In the individual workflow (eplace search):

  1. Each query gets its own tree

  2. Tree includes query + representative sequences

  3. Tips are labeled with taxonomic information

  4. Tree files are saved in query-specific directory

eplace search query.fasta output_dir --tree-label-rank genus

Grouped Workflow

In the grouped workflow (eplace grouped):

  1. One tree per taxonomic group

  2. Tree includes all queries in group + unique references

  3. Shows relationships between multiple queries

  4. Useful for comparative analysis

eplace grouped query.fasta output_dir \
    --group-rank family \
    --tree-label-rank genus

Output Files

IQTree produces several output files:

Primary Output

  • *.treefile - Best tree in Newick format (main output)

  • *_labeled.treefile - Tree with taxonomic labels (ePLACE addition)

Supporting Files

  • *.iqtree - Full IQTree report with model selection and statistics

  • *.log - Detailed log of tree building process

  • *.bionj - Initial tree from BioNJ

  • *.mldist - Maximum likelihood distance matrix

  • *.model.gz - Model parameters (if applicable)

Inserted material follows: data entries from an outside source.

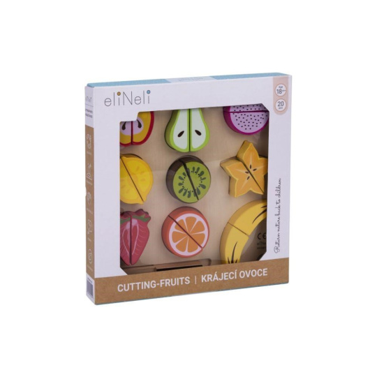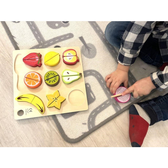 Drevené ovocie na krájanie je hračka, ktorá by nemala chýbať v žiadnej detskej kuchynke ani detskom obchode. Táto činnosť je pre deti úplne bezpečná. Polovice ovocia sú spojené suchým zipsom, vďaka čomu deti ľahko ovocie dreveným nožom rozrežú. Balenie obsahuje 9 druhov ovocia, drevenú doštičku aj drevený nôž.
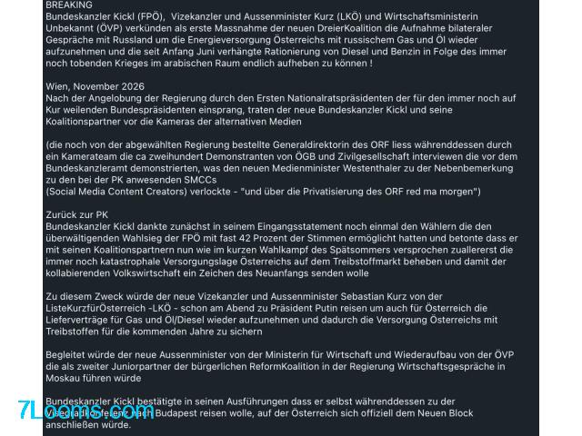 Bundeskanzler Kickl dankte zunächst in seinem Eingangsstatement noch einmal den Wählern die den überwältigenden Wahlsieg der FPÖ mit fast 42 Prozent der Stimmen ermöglicht hatten und betonte dass er mit seinen Koalitionspartnern nun wie im kurzen Wahlkampf des Spätsommers versprochen zuallererst die immer noch katastrophale Versorgungslage Österreichs auf dem Treibstoffmarkt beheben und damit der kollabierenden Volkswirtschaft ein Zeichen des Neuanfangs senden wolle
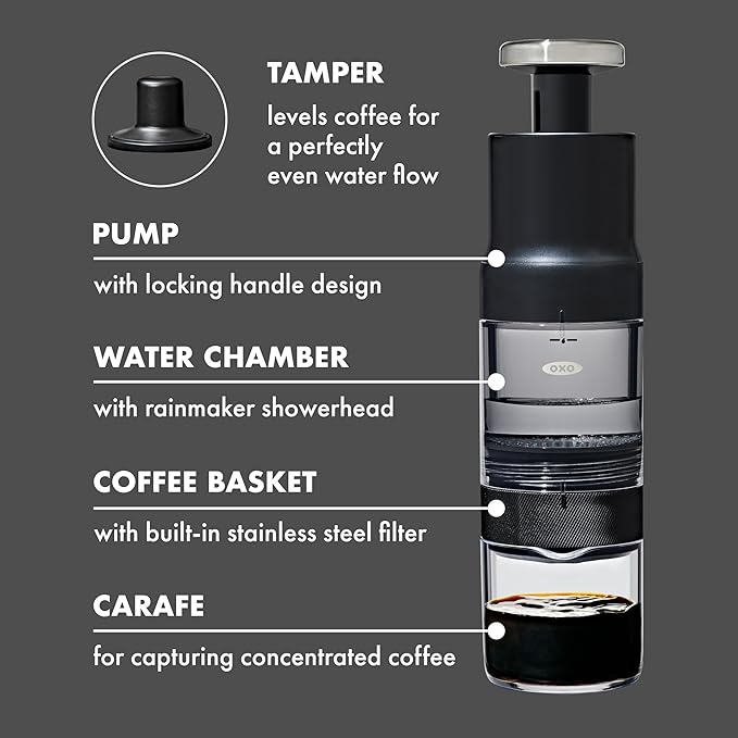- Why the OXO Rapid Brewer? — Brew exquisite concentrated coffee anywhere in 5 minutes or less with this lightweight, portable coffee maker. Not only is this the end of unsatisfactory coffee on-the-go, it’s the end of long lines and overpriced barista brew.
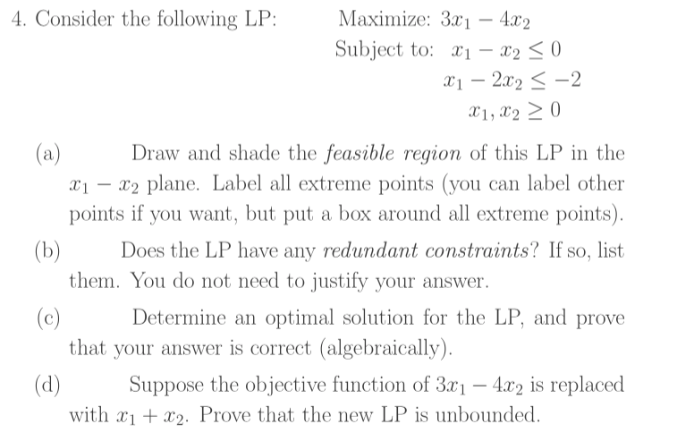 4. Consider the following LP: Maximize: 3x1 - 4x2 Subject to: X1...
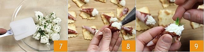 Transfer the mixture into a piping bag with a star tip, then fill each cone with the goat cheese herb cream 8. Place a cone on each sheet and garnish with a mint leaf and dill as shown in the photo 9. The capocollo cone stuffed on classic sheets is ready 9, we recommend serving and enjoying it immediately!
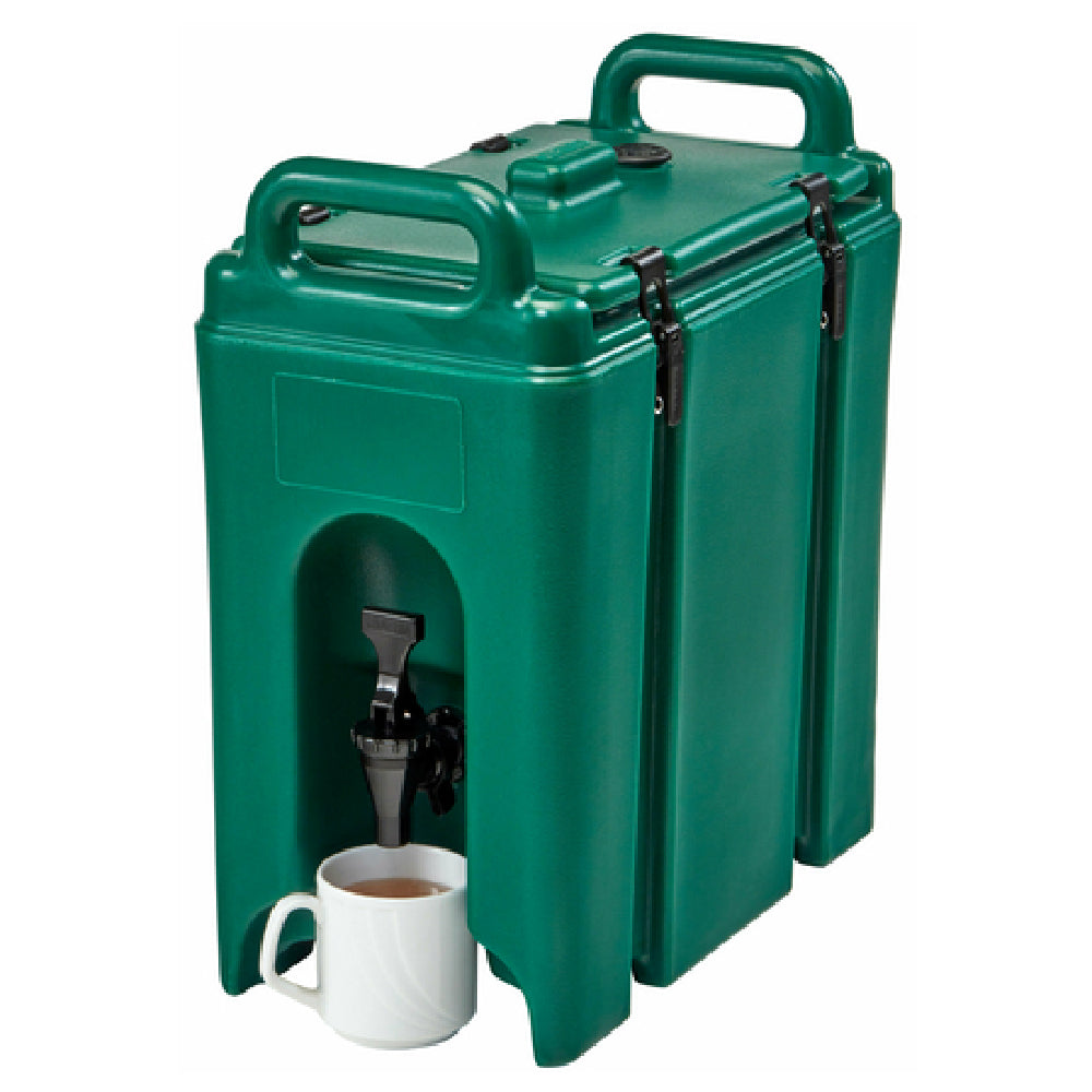 The Cambro 250LCD519 Camtainer® Beverage Carrier is a dependable solution for transporting beverages, featuring a capacity of 2-1/2 gallons. With dimensions of 9 inches in width, 16-1/2 inches in depth, and 18-3/8 inches in height, this insulated plastic carrier is designed to maintain optimal temperature conditions, whether hot or cold. Available in a distinctive Kentucky green color, it stands out in any professional setting. The Camtainer® is NSF certified, which ensures that it meets rigorous public health and safety standards, making it a reliable choice for catering events, restaurants, and cafeterias where hygiene and safety are priorities. Its robust construction and efficient design make it an ideal choice for a variety of markets within the food service industry, from large-scale event caterers to smaller food service establishments requiring portable beverage solutions. The Cambro 250LCD519 is engineered for durability and performance, offering a practical and efficient means of beverage transportation that aligns with professional standards and needs.
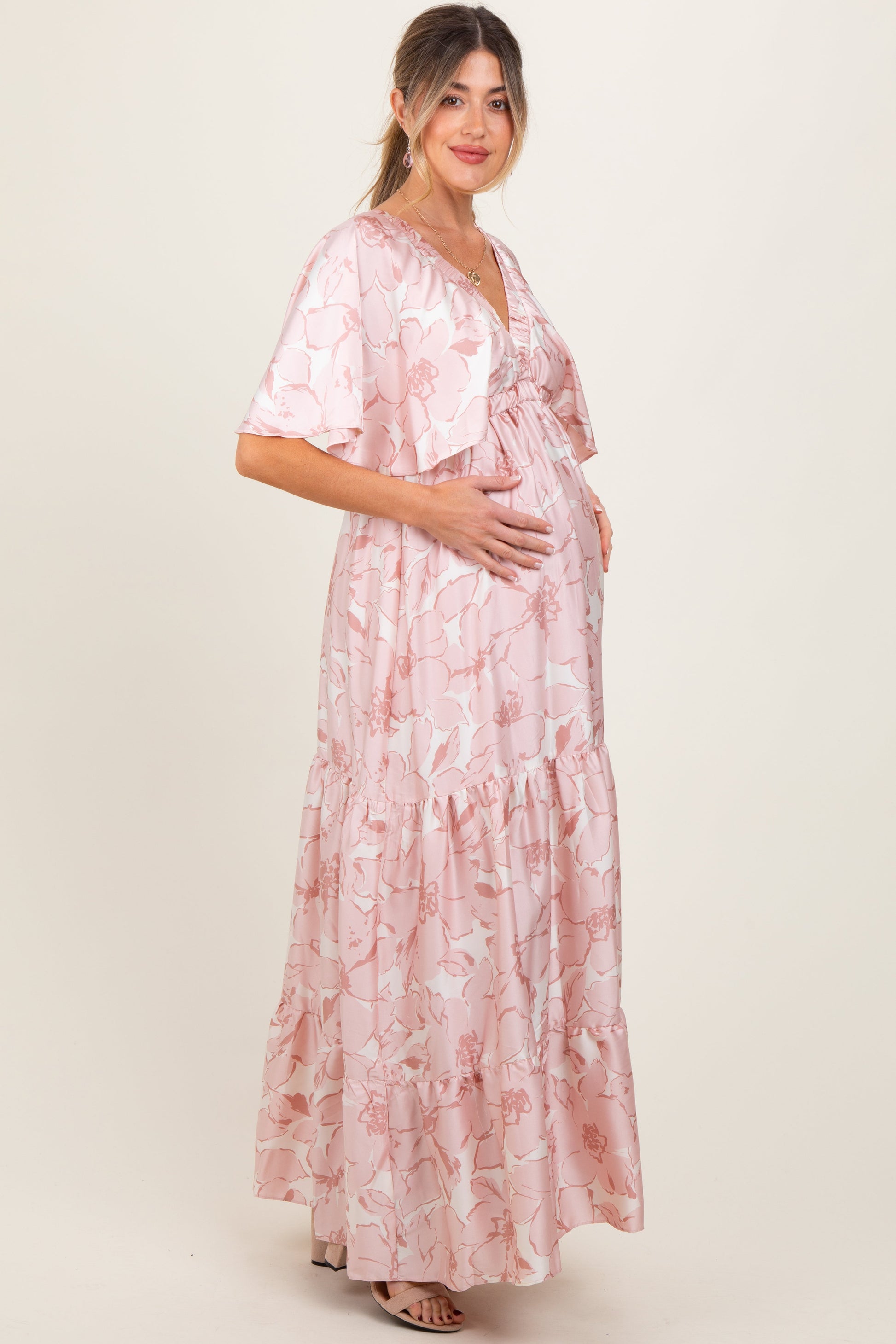 Pink Floral Short Sleeve Deep V-Neck Tiered Maternity Maxi Dress
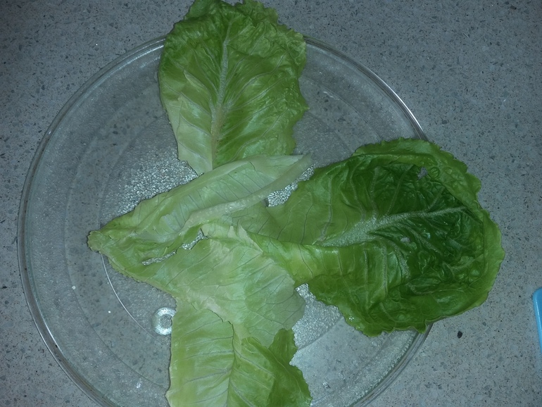 Начинаем собирать салат. На плоское блюдо уложить листья салата - плавники и хвостик:

  • *.splits.nex - Split support values in NEXUS format

  • *.contree - Consensus tree (if bootstrap performed)

  • *.ckp.gz - Checkpoint file (for resuming interrupted runs)

Tree File Format

Trees are in Newick format:

(query_1:0.05,(ref_1:0.02,ref_2:0.03):0.04);

Labeled trees include taxonomic information:

(query_1:0.05,(ref_1|Escherichia:0.02,ref_2|Salmonella:0.03):0.04);

Visualizing Trees

Using Python

from Bio import Phylo
import matplotlib.pyplot as plt

# Read tree
tree = Phylo.read("tree.treefile", "newick")

# Draw tree
fig = plt.figure(figsize=(10, 8))
Phylo.draw(tree, do_show=False)
plt.tight_layout()
plt.savefig("tree.png", dpi=300)
plt.show()

Using External Tools

  • FigTree: GUI application for viewing and annotating trees

  • iTOL: Interactive Tree Of Life (web-based)

  • ggtree: R package for tree visualization

  • ETE Toolkit: Python framework for tree analysis and visualization

Example with ETE3:

from ete3 import Tree, TreeStyle

# Read tree
t = Tree("tree.treefile")

# Style
ts = TreeStyle()
ts.show_leaf_name = True
ts.show_branch_length = True
ts.show_branch_support = True

# Render
t.render("tree.pdf", tree_style=ts)

Interpreting Trees

Branch Lengths

  • Represent evolutionary distance (substitutions per site)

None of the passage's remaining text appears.